C) If you can try to get the La Roche Posay Anthelios sunscreen from care2beauty. That’s the EU formula and it’s excellent for outdoors activities and is water resistant. If US options are more convenient the LRP Anthelios here is decent as well, I’ve used it before didn’t get any white cast. I’ve also heard good things about the Shiseido sunscreen (in the blue bottle) but haven’t tried that myself.
Thank u for the great post! Do you have ny ideas what these spots would be under my eyes, they are very small bumps the same color as my skin almost like a mole the way they are raised but they are not moles. How can I remove them?
Hi Lauren! From your description these sound like milia, which can happen if you’re using an eye cream/moisturizer that’s too rich for your skin. Sometimes switching out the culprit product is enough to make them go away, if not you can also try a gentle exfoliant like peeling gels that won’t irritate the eye area, just make sure you don’t rub too hard!
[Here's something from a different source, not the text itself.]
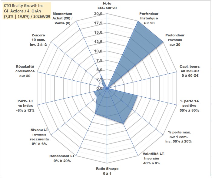 Site dédié aux investisseursPage dédiée sur site financeAnalyse des valorisations hebdomadaires de l'action CTO Realty Growth Inc. Cet actif est cote en USD. Les valorisations sont en contrevaleur EURO et couvrent les semaines 1997W01 a 2026W09. Les revenus de cet actif financier sont pris en compte depuis la semaine 1997W06. La note ESG de cet actif n'est pas connue.

As someone who turned 40 a little over eight months ago, I should really look into a new skincare routine. But then again, there is that saying…if it’s not broke, don’t fix it. I’ll be sure to check out some of the drugstore products you mentioned, and see how my skin reacts.
Amazing tips, Jenny, I agree with all of them. Slow and steady, get the basics right first and then go into extras after.
Anne from “Doctor Anne”
The 2 finger rule for sunscreen is so helpful!
Jennifer
Curated By Jennifer
Wonderful guide to skincare in your 30s.I could not agree more with the steps you mentioned.